A 9-step troubleshooting checklist
When you spot a suspicious message that "shouldn't have been delivered," follow these steps:
- Pull the message from the log. Find the SMTP session log entry and the corresponding routing/delivery entries. Note the source IP, the MAIL FROM, the visible From: header, and the SPF/DKIM/DMARC results.
- Confirm the published DMARC policy. Run a DNS lookup against _dmarc.<sender-domain>. If the policy is none, that can explain the delivery on its own — your enforcement settings may be working as configured.
- Check the DKIM Verification Exempt list. Search by source IP. This list is separate from the global Trusted IPs and is often missed during audits.
- Check Trusted Domains and Trusted IPs. Be especially skeptical of broad CIDR ranges.
- Verify ARC trust configuration, if applicable.
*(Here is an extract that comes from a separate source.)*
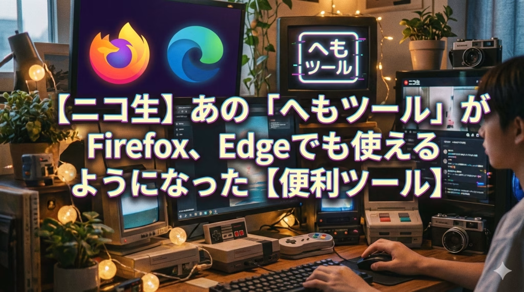 今回ざっくりご紹介するのは、Chrome専用のニコ生コメビュ機能搭載ツールである「へもツール」がFirefoxやMicrosoft Edgeでも使えるようになったよ!というお話です。

In environments that use ARC, check whether an ARC seal from a trusted intermediary explains the pass.
- Confirm alignment, not just pass. Look at the DMARC result specifically, not just the SPF or DKIM result. A message can pass one and still fail DMARC alignment, which is the result that matters for impersonation defense.
- Review your Content Filter rules. Especially the ones at the top of the list. A rule with a "Stop processing" action or an explicit delivery action could be influencing the outcome.
- Check whether the session was authenticated. If the source was an authenticated SMTP session, the failure may have been bypassed by design. Investigate whether the credentials were used legitimately.
- Confirm the configured enforcement action. Review each tab under Sender Authentication and verify the action options are set as you expect: "send 550 error code" on SPF, "Honor p=reject when DMARC produces a FAIL result" on DMARC Verification. (DKIM Verification has no direct fail-action option — DKIM influences DMARC alignment and Spam Filter scoring.) Verification alone, without the corresponding action set, won't produce the outcome you'd expect from the policy.
Turn on DMARC reporting
If you haven't already, this is the moment to enable DMARC aggregate (rua) and forensic (ruf) reporting for your own domains. In other words, make sure you have an email address in your DMARC record for each (rua=mailto:rua-reports@yourdomain.com; ruf=mailto:ruf-reports@yourdomain.com).
Reports from receiving providers like Google, Microsoft, and Yahoo will tell you exactly which sources are sending mail claiming to be from your domain - both the legitimate ones you might have forgotten about and the impersonators you didn't know existed.
The reports are XML and not human-readable on their own, but several free and commercial tools can parse them into dashboards (Postmark, dmarcian, EasyDMARC, and others). Even a few weeks of report data will completely change how confidently you can move your own outbound policy from p=none toward p=quarantine or p=reject, which is the subject of an upcoming companion piece to this post
The 4-item audit you should run this quarter
To recap:
- Verify the DMARC disposition settings haven't been changed from their defaults. Confirm that "Honor p=reject when DMARC produces a FAIL result" and "Filter messages which fail the DMARC test into Junk E-Mail folders" are enabled under DMARC settings. These are enabled by default, but worth re-checking after upgrades, migrations, or any time a delivery problem prompts an investigation.
- Audit your Trusted Domains, Trusted IPs, and the DKIM Verification Exempt list. Remove any entry whose purpose you can't articulate in one sentence. Stale trust is a security liability.
- Review your Content Filter rules and document what each delivery-related rule is doing and why. If you can't explain it, consider whether it still belongs.
- Enable DMARC aggregate reporting on every domain you send from. You can't harden your own outbound posture without the visibility these reports provide.
Failing authentication doesn't have to mean failing security. Most of the time, the difference between a "fail" in the log and a "fail" in delivery comes down to a handful of configuration choices, and now you know where to find them.